1. 方案介绍
在 AWS 云原生环境下,各项服务都为用户提供了直观的控制台、以及灵活的 API 接口,以创建对应的监控告警,这对于需要整合监控告警到自身平台的用户非常友好。但由于默认没有一键批量开启某项服务告警的入口,这给希望开箱即用的用户带来了一定的配置成本,常见的场景为:
- 在默认情况下,AWS 有为众多服务的实例配置 CloudWatch 监控图表,但并无配置告警,客户也不能为这些实例的某项指标一键配置告警;
- 逐一为单个实例配置告警后,如果实例被删除,对应配置的告警是不会被级联删除的;
- 新增实例时,也需要为该实例重新配置告警,这在 AutoScaling 等一些场景下,并不能依赖手动创建。
因此本方案旨在实现「自动创建告警」与「定制化告警信息」,为企业提供便利,将 AWS 云原生的 CloudWatch 告警引流至企业内部告警平台,而实现了以下功能:
- 为某项服务的所有集群 / 实例指标统一配置告警。例如为 EC2 配置持续5分钟 CPU 利用率超过90%的告警等,只要求该服务的实例支持CloudWatch监控;
- 对告警信息进行定制化,如中文显示、增加紧急程度信息等,并支持推送到企业内部告警平台、即时通信工具(如国内的钉钉、国外的Slack或Chime)、邮件、短信、电话等;
- 获取问题实例的相关属性,例如Tag标签分组等,方便企业对不同资源产生的告警进行紧急程度的区分
- 创建该服务的实例时,自动创建对应的告警;
- 删除该服务的实例时,自动级联删除对应的告警配置;
- 如现在已经为该服务的某个实例配置了对应的告警,此方案会将该实例加入白名单,不额外配置告警,也不会覆盖现有的告警设置,达到良好的补充效果;
- 笔者对EBS、RDS、ALB、NLB、ElastiCache、ElasticSearch、EMR等一些AWS主要服务,创建了自动创建告警的Lambda代码模板;
- 现已支持使用AWS CLI、AWS 控制台两种部署方式,并对告警指标名称等灵活度较高的变量进行了统一收敛。
2. 实现效果
3. 方案整体架构
4. 实现思路
- 创建 / 删除 支持CloudWatch云监控的AWS托管服务资源;
- 通过CloudWatch的定时任务规则,自动调用Lambda 1获取所有的对应资源列表、已创建CloudWatch监控的资源列表,并进行比对,实现自动创建、级联删除CloudWatch监控告警的功能;
- CloudWatch告警被触发后,会将通知发送给SNS 1,传递通知到Lambda 2进行告警信息定制化,完成后经由SNS 2发送给相关团队的成员 / 对接企业内部监控告警平台。
部署方案分为2部分:
- 定制化告警信息
- SNS 1 → Lambda 2 → SNS 2,采取从后往前的部署步骤
- 自动创建监控告警
- CloudWatch定时任务 → Lambda 1 → CloudWatch alarm,先部署Lambda 1,再设置CloudWatch定时任务
本文以RDS的告警指标Database Connections为例,进行部署指引。另考虑到各位云上开发者可能会使用Windows、Mac等不同平台的终端,因此此方案选择了AWS控制台 / AWS CLI命令行、以及Powershell脚本的方式,尽可能地做到终端平台的无关性。
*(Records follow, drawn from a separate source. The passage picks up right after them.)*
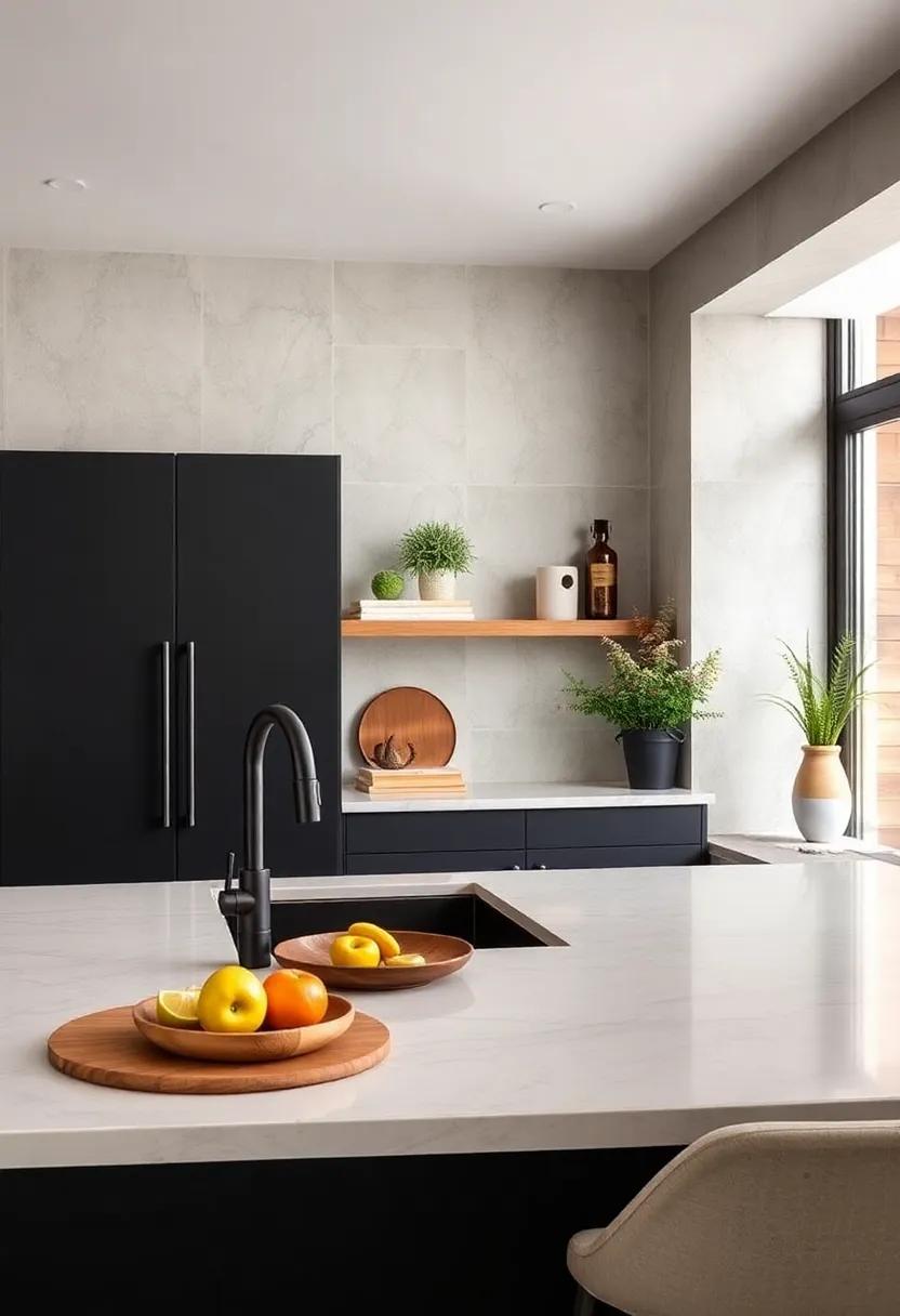 - Subway Tiles: Classic white subway tiles with a matte finish can add texture and keep the focus on the matte black elements.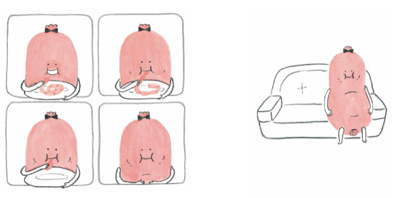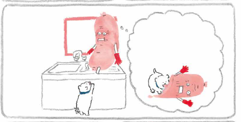 當被問到“為什么書中是香腸和小狗相遇”時,安寧達這樣說:“你可能會認為小狗和香腸爺爺的組合有點奇怪,但當我寫這個故事的時候,我不知為何會認為香腸會喜歡小狗?!?/p>
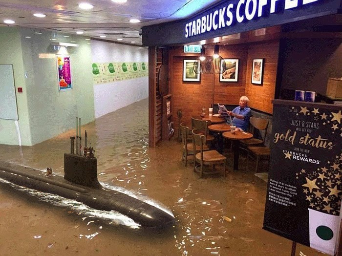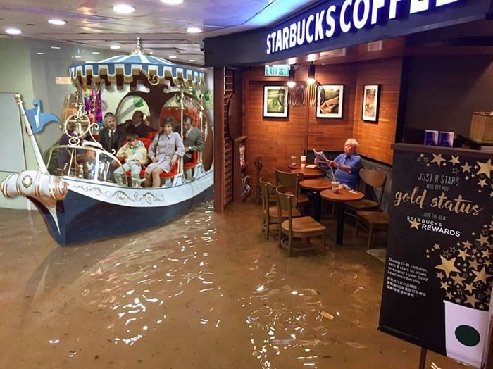Filipinler’i adeta yıkıp geçen Haima Tayfunu Hong Kong’a ulaştı. Pek çok binada su basmalarına yol açan tayfun oldukça ilginç bir görüntünün de ortaya çıkmasına neden oldu.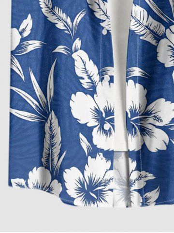 Plus Size Hibiscus Flower Tropical Leaf Print Buttons Pocket Hawaii Shirt For Men - Sky Blue - 2xl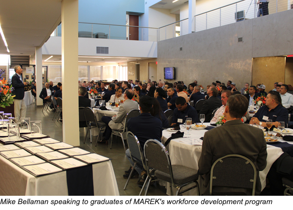 “When you’re making choices it’s about leadership and fortitude,” Bellaman told those gathered at MAREK headquarters in Houston for their annual workforce development dinner and graduation. “When you reflect back on your career or your life you remember moments and these are driven by your choices.” He talked about his own personal experiences – from the highs of playing major league baseball and running large construction firms to the lows of living in his car for a time. In all those situations, his personal choices made all the difference for good or bad.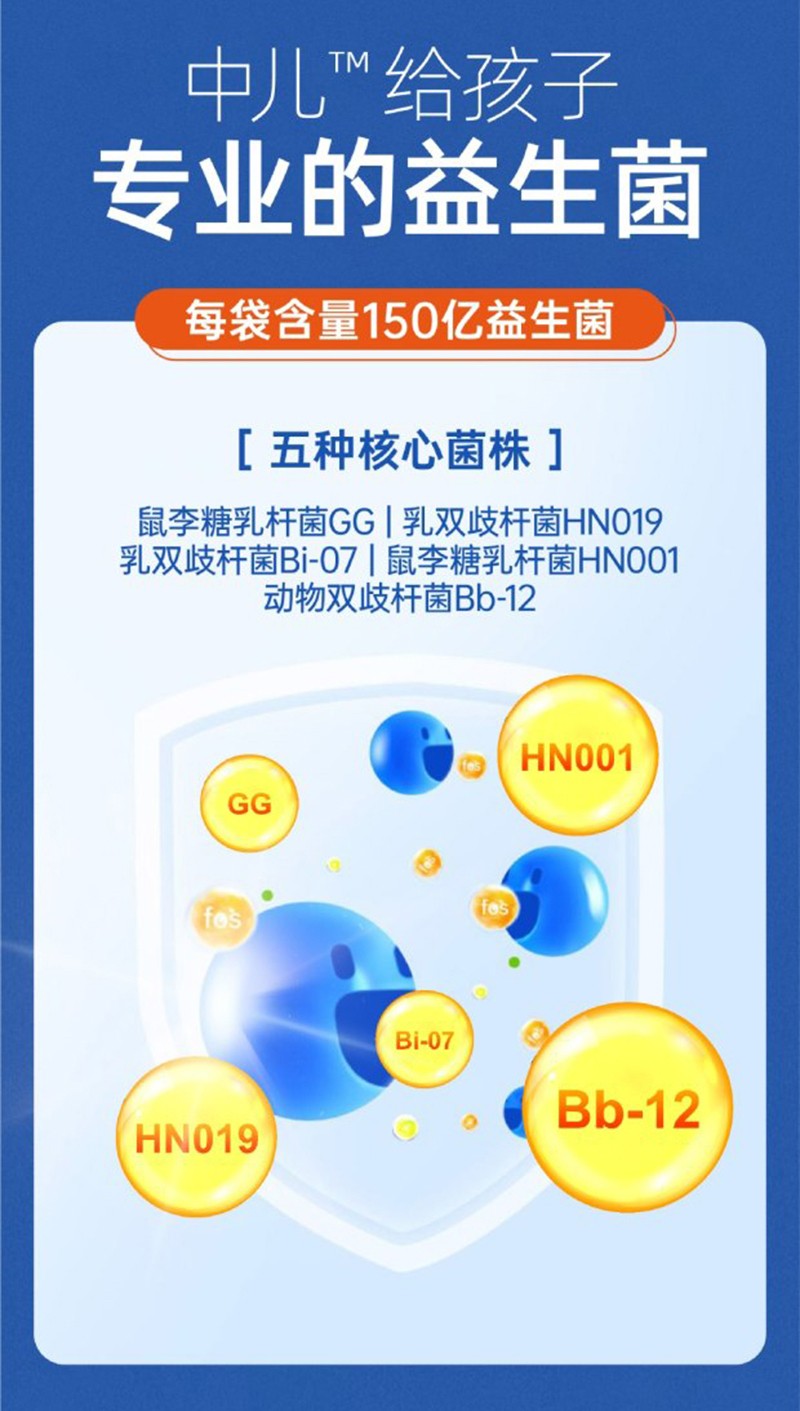 [配料表]抗性糊精、赤蘚糖醇、低聚果糖、香蕉原粉、鼠李糖乳桿菌GG、乳酸菌復配粉(鼠李糖乳桿菌GG、乳雙歧桿菌HN019、乳雙歧桿菌Bi-07、抗性糊精、鼠李糖乳桿菌HNO01、動物雙歧桿菌Bb-12)、維生素C

建议各位读者可先参阅本文下述的部署指引,使用 AWS 控制台 的方式进行第一次部署;而后如需同样地为其它AWS服务一键批量开启CloudWatch告警,可参照《Auto Create Customized CloudWatch Alarms – AWS CLI部署方式》,极大地缩短部署所需时间。
5. 部署指引
5.1 创建定制化告警信息推送端 – SNS 2
SNS 2用于将定制化的告警通知发生给相关的团队。
创建SNS主题<To-DBA_team>,选择SNS standard。
订阅SNS主题通知,支持发送Email,或者是通过webHook API机制,发送到HTTP(S) Endpoint。
建议可配置个人邮箱,以确认定制化告警信息的最终实际效果。
5.2 创建定制化告警信息处理脚本 – Lambda 2
Lambda 2用于针对自动创建监控的告警信息 进行定制化。
5.2.1 创建执行Lambda的IAM角色
创建IAM角色,可以直接根据下图进行选择:使用案例 – Lambda。
5.2.2 Attach权限策略:
- Describe / Create / Drop CloudWatch alarms:
arn:aws:iam::aws:policy/CloudWatchFullAccess
arn:aws:iam::aws:policy/service-role/AWSLambdaRole
arn:aws:iam::aws:policy/AmazonSNSFullAccess
arn:aws:iam::aws:policy/AWSLambdaExecute
- Describe / Alter RDS Attributes, Add Tags to RDS:
arn:aws:iam::aws:policy/aws-service-role/AWSApplicationAutoscalingRDSClusterPolicy
角色名称:lambdaExecRole-autoCreateCxCwAlarms_RDS
角色描述:Lambda execution role for Auto create customized CloudWatch alarms for RDS.
5.2.3 创建Lambda layer
安装PyTZ library,用于本地化时区。
anqdian@3c22fb7680e6 autoCreateCxCw % mkdir python
anqdian@3c22fb7680e6 autoCreateCxCw % ls
python
anqdian@3c22fb7680e6 autoCreateCxCw % /usr/bin/pip3 install -t ./python pytz
Collecting pytz
Using cached pytz-2021.1-py2.py3-none-any.whl (510 kB)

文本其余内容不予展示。